Hearts is, perhaps, the biggest surprise. This track was a clear highlight of 90125, the first Yes album made with Trevor Rabin and the returning Tony Kaye. The original was considered as the most "proggy" on that fine album, but, if anything, this version brings it out even better. Smooth where the original could be slightly shrill, everything about it has been taken down a notch or two in its arrangement and performance, and doesn't suffer in the slightest - in fact, the chorus where The "Opio Singers" (Opio being the Foundation formed by Anderson) join him enhances and progresses the original. It is the most vocal of the tracks on the album, and the orchestra are deliberately understated. The track, therefore, becomes what Anderson possibly originally wanted - a vehicle for vocal harmony with subtle backing.

Candle Song is more like the original Jon & Vangelis composition. Quite lovely without being essential, it simply replaces Vangelis' keys with orchestra. Anderson, though, rarely has sounded better.
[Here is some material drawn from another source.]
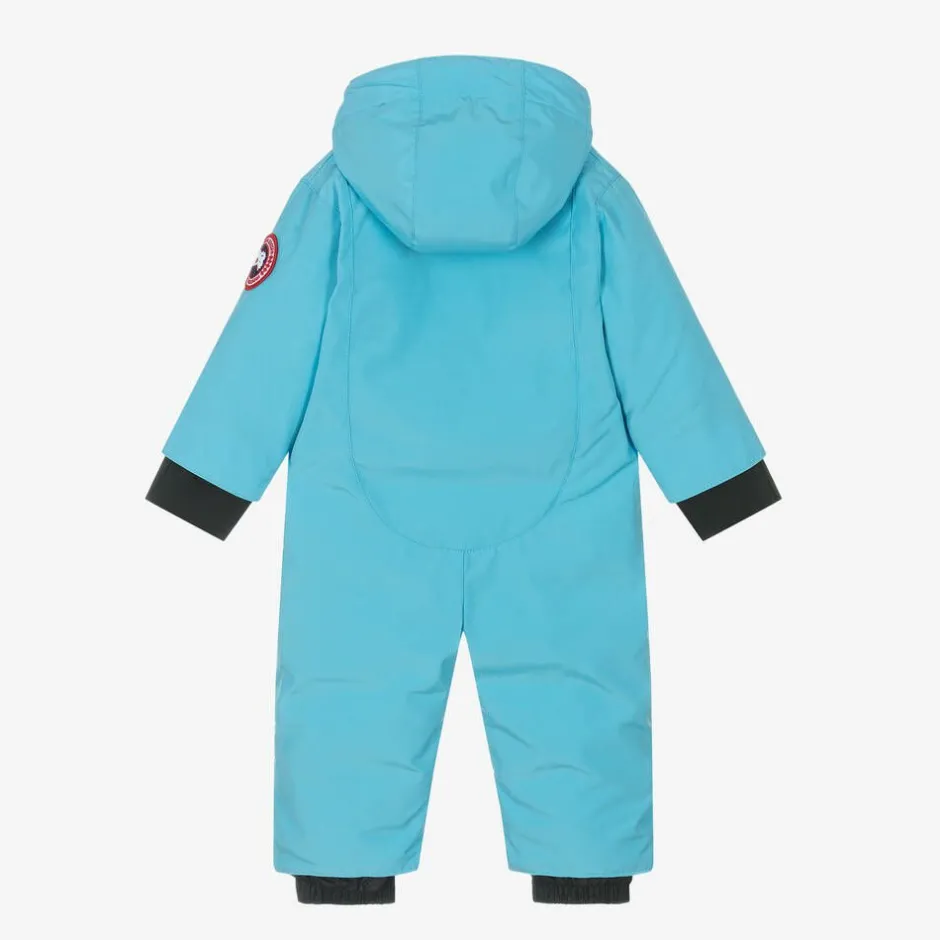 A blue hooded snowsuit for baby boys and girls from luxury outerwear brand Canada Goose, with the signature logo badge on one sleeve. Made from the brand's durable Arctic Tech technical fabric, it has water repellent qualities to keep warm and dry in extreme cold conditions. Luxuriously down padded, this cosy one-piece features a microfleece backing, heavy-duty, CORDURA reinforced sleeve cuffs which can fold over into mittens. The two front zip fastenings make dressing simpler, with a soft brushed trim on the wind guards for extra protection. The ankles have internal snow gaiters with branded elasticated cuffs for added grip around boots.

The best, though, is absolutely saved for last. Change We Must appeared on a reissued version of Page Of Life in the USA some three years after this album. Vangelis was not, it is rumoured, best happy. This, therefore, is the first studio version of this track, and I regard it as being classic, essential Anderson.

He has been accused many times, with good reason as well, of smothering his "hippy" world view in impenetrable lyrics, incomprehensible to all barring his immediate family and those on chemical assistance. Here, though, all is clear. His love of life, the planet, and a massively optimistic world view that we are capable of changing for the better is brought to life clearly and sharply. It is all, by the way, based upon the writings of Nana Veary, the "Devine Mother" you will have seen Anderson dedicate himself to on many latter Yes albums.

The lyrics, vocals, orchestration are simply incredible. Anderson takes himself to a plane that most vocalists simply dream of, another dimension. The listener is simply swept away by the beauty of it all. This, to me, is, alongside the wondrous Turn Of The Century, the greatest track that Anderson has been responsible for, it is that good, and I will never tire of listening to it.

This is not a masterpiece, although, in its own little way, it comes very close to it. What it is is the sound of a vocalist, songwriter, producer, and arranger at the very top of his game. If you own no other Anderson solo record, then I would recommend this one, and I include the masterpiece Olias amongst this.

Four stars. A pleasure from start to finish, and one that is highly recommended to all who can see and hear beyond a mere wall of noise in their music.